Due to the optimization results only considering mathematical relationships, they did not satisfy the national standards and needed to be standardized according to the “Practical Handbook of Ship Design-Engine Section”. The processed results show that the resistance of the deck refueling pipeline #1 (Y₁) and #2 (Y₂) were reduced by 3.57% and 3.51%, respectively. The pipeline system volume (Y₃) was reduced by 5.72%. The simulation results indicate that optimized pipeline selection in replenishment oilers can achieve the dual objectives of resistance reduction and spatial efficiency improvement, thus significantly enhancing in-service refueling performance.

In conclusion, this study presents a method for pipeline system selection in replenishment oilers by integrating machine learning with optimization algorithms. The proposed approach enables the rapid generation of pipeline design solutions, thereby shortening development timelines, minimizing design revisions, and, ultimately, enhancing the overall efficiency of pipeline system design for maritime replenishment operations.
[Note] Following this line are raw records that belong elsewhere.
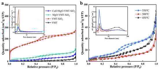N2 isothermal sorption curves and the textural properties of the samples are shown in Figure 1 and Table 1. According to Figure 1a, it can be seen that all four samples exhibited IV-type isotherm adsorption curves and H4 adsorption hysteresis loops. The isotherms of the VMT sample are very close to the horizontal axis in the low-pressure region, and capillary condensation steps occur at a relatively high P/P0 pressure range, characteristic of unconstrained single-layer or multi-layer adsorption in narrow pore channel structures [8]. The adsorption curve of the VMT-SiO2 sample deviates from the longitudinal axis at near-zero relative pressure, indicating that nitrogen has a strong interaction force in the microporous structures of the material. The obvious adsorption hysteresis loop occurred at around P/P0 = 0.5, indicating the existence of abundant mesoporous structures due to the fact that most metal oxides impurities in vermiculite structure are dissolved by mixed acid and the remaining tetrahedral silica species form a mesoporous skeleton structure. When only MgO was loaded onto the VMT-SiO2 support, the adsorption isotherm curve of MgO-VMT-SiO2 became relatively gentle. When further loading CuO, the adsorption isotherm curve of CuO/MgO-VMT-SiO2 became smoother, with only a slope higher than that of VMT, indicating that active components entered into the mesoporous channels of VMT-SiO2, causing the plugging hole phenomenon to occur. The pore size distribution curves show that the pore sizes of the VMT-SiO2-based samples gradually converged to less than 10 nm due to the final aggregation in mesopores with the loading of MgO and CuO active components. From Figure 1b, it is clear that CuO/MgO-VMT-SiO2 catalysts with different calcination temperatures show IV-type isothermal adsorption lines and H4 adsorption hysteresis loops at around P/P0 = 0.5, which are characteristic of typical mesoporous materials. As the calcination temperature rises, the slope of the IV-type isothermal adsorption lines becomes more gentle with the smaller H4 adsorption hysteresis loops, which is probably due to the fact that the interaction between MgO, CuO and the carrier is enhanced and causes the partial destruction of some mesoporous structures. From the pore size distribution curve presented in Figure 1, it can be observed that the most accessible pore sizes of the samples are mainly concentrated in 2–4 nm, and the calcination temperature had no significant influence on the pore size distribution.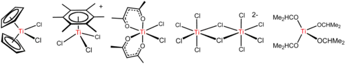 Titanium tetrachloride is a versatile reagent that forms diverse derivatives including those illustrated below.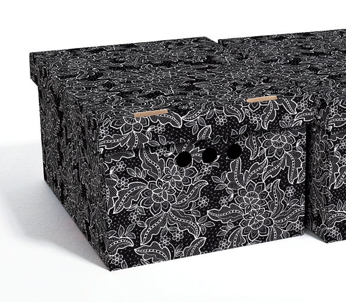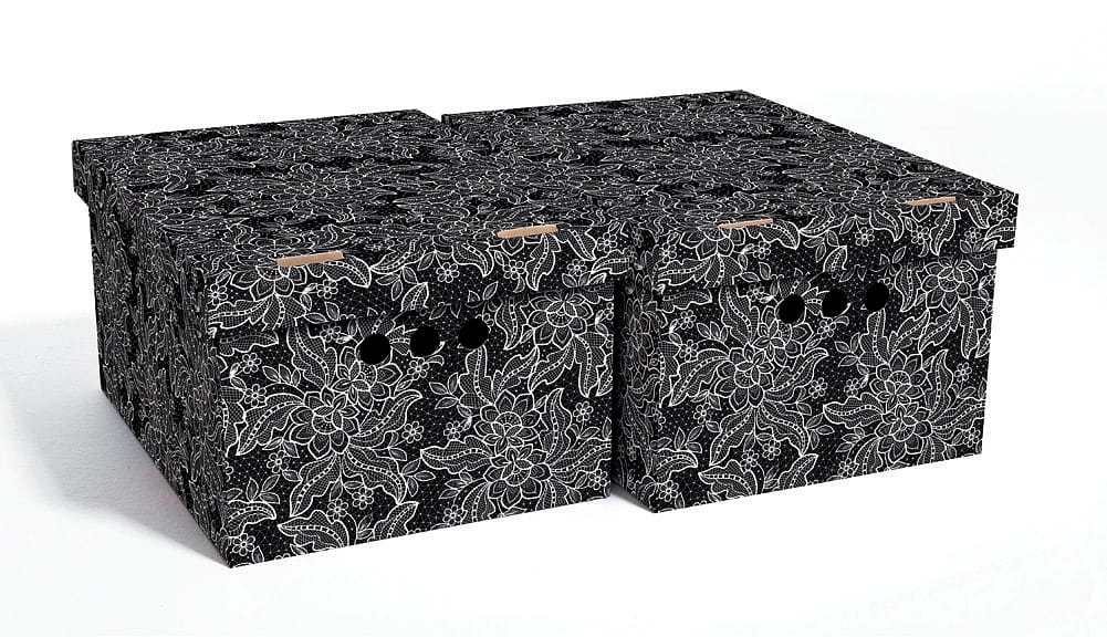 Dekoracyjne pudełko kartonowe A4, 33x25x18cm, koronka czarna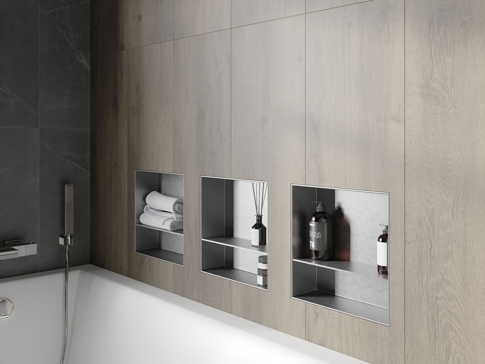 Mexen X-Wall-NR nišas plaukts bez malas ar plauktu 30 x 30 cm, inokss - 1911303010S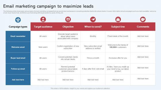 The following slide showcases various types of email marketing campaign that can assist new businesses in converting potential clients into actual clients. It covers information about campaigns such as email newsletter, welcome email, buyer lead email, and follow up email along with target audience, goals, timing, etc. Whether you have daily or monthly meetings, a brilliant presentation is necessary. Email Marketing Campaign To Maximize Leads Effective Startup Promotion Plan Professional Pdf can be your best option for delivering a presentation. Represent everything in detail using Email Marketing Campaign To Maximize Leads Effective Startup Promotion Plan Professional Pdf and make yourself stand out in meetings. The template is versatile and follows a structure that will cater to your requirements. All the templates prepared by Slidegeeks are easy to download and edit. Our research experts have taken care of the corporate themes as well. So, give it a try and see the results. The following slide showcases various types of email marketing campaign that can assist new businesses in converting potential clients into actual clients. It covers information about campaigns such as email newsletter, welcome email, buyer lead email, and follow up email along with target audience, goals, timing, etc.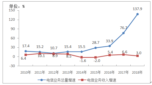 ②2010-2015年电信业务总量按照2010年不变单价计算,2016-2018年按照2015年不变单价计算。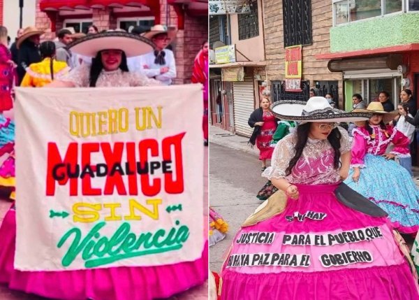 “Si o hay justicia para el pueblo, que no haya paz para el gobierno” fue la frase que adorna el vestido de una de las participantes, mientras que otra joven portó una lona que citó “Quiero un México sin violencia”, “quiero un Guadalupe sin violencia”.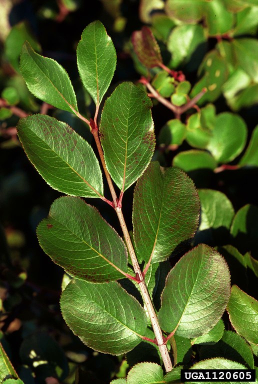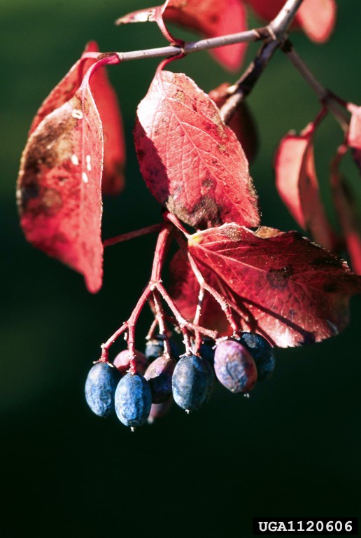 Southeastern native shrub with flat white flower clusters at same time as wild black cherry. Red fall foliage color.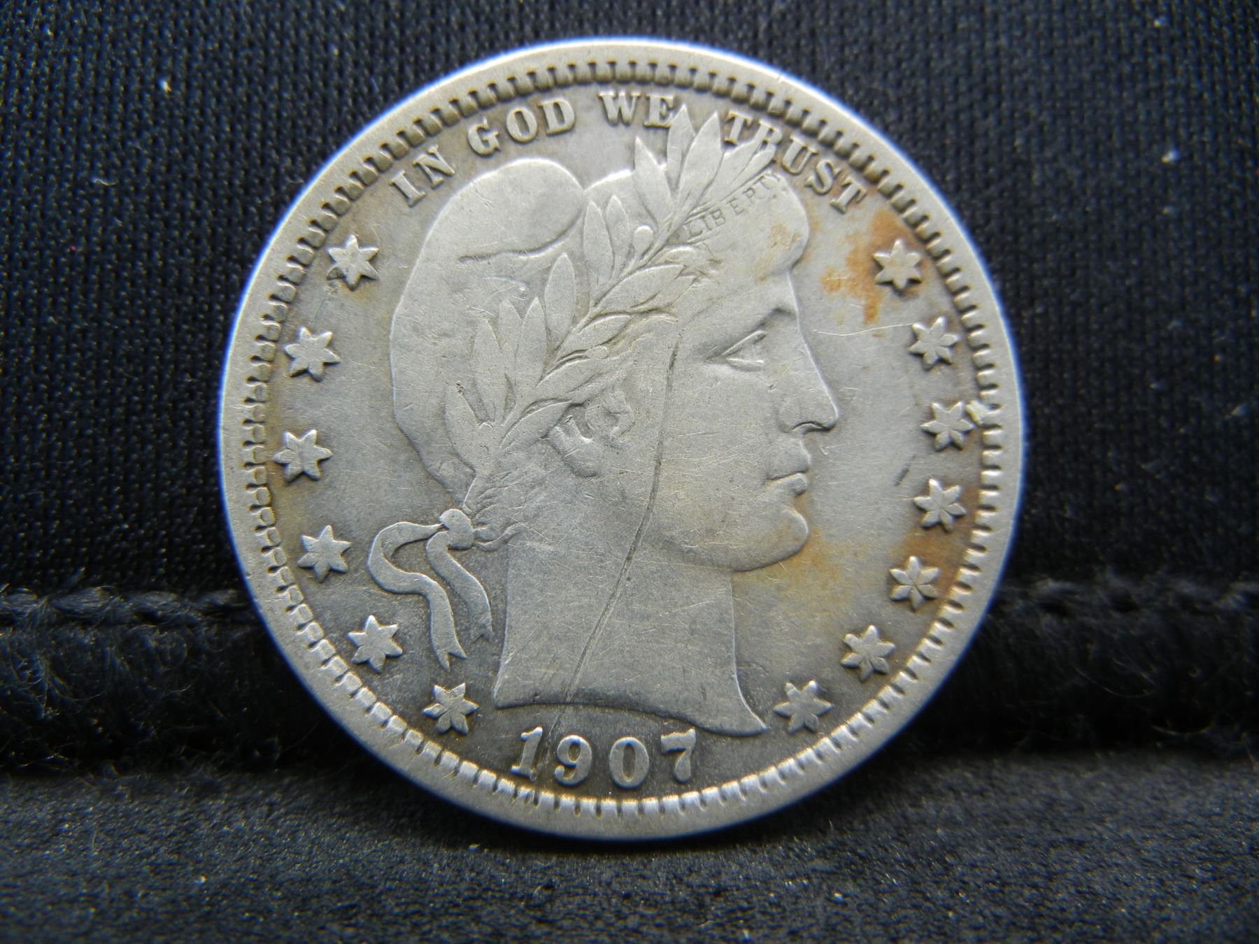 1907 Barber Quarter Strong Details Scratch Obverse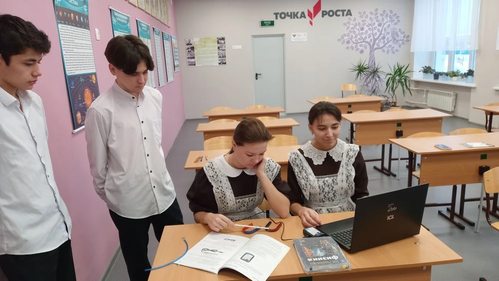 В центре "Точка Роста" на уроке физики ученики 10 класса провели исследование магнитного поля, используя датчики и тесламетр.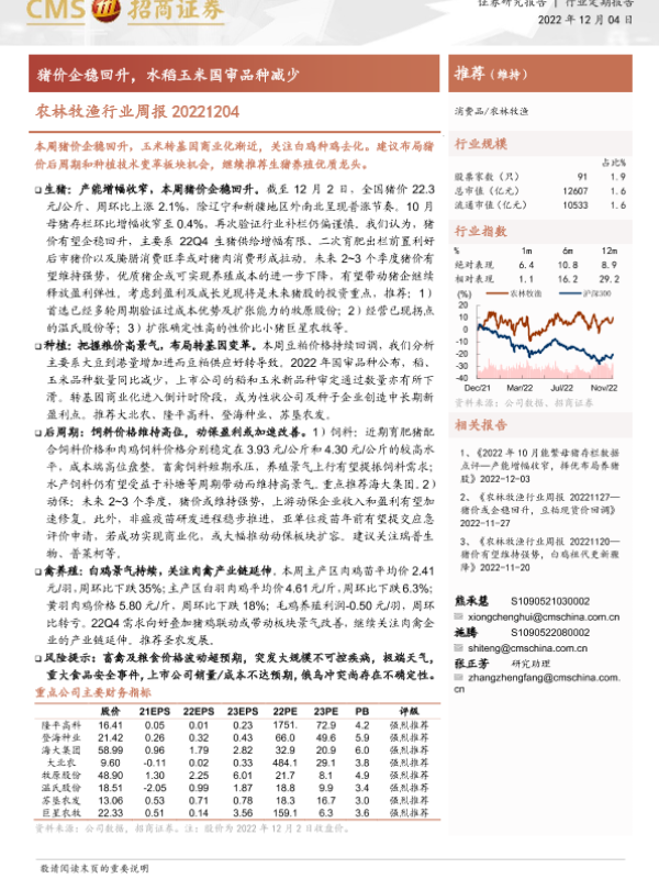 【海通证券】【20221204】农林牧渔行业周报:猪价企稳回升,水稻玉米国审品种减少-14页

Moreover, the achievement of this study demonstrates that pipeline selection optimization can still enhance the performance of the pipeline system even after finalizing the pipeline route design. By incorporating pipeline selection optimization into the design process, replenishment oilers could achieve significant improvements in operational efficiency and refueling performance.

In future work, we will consider the influence of the actual cabin structure and combine pipe parameter selection with pipe route planning for a more systematic pipeline system design.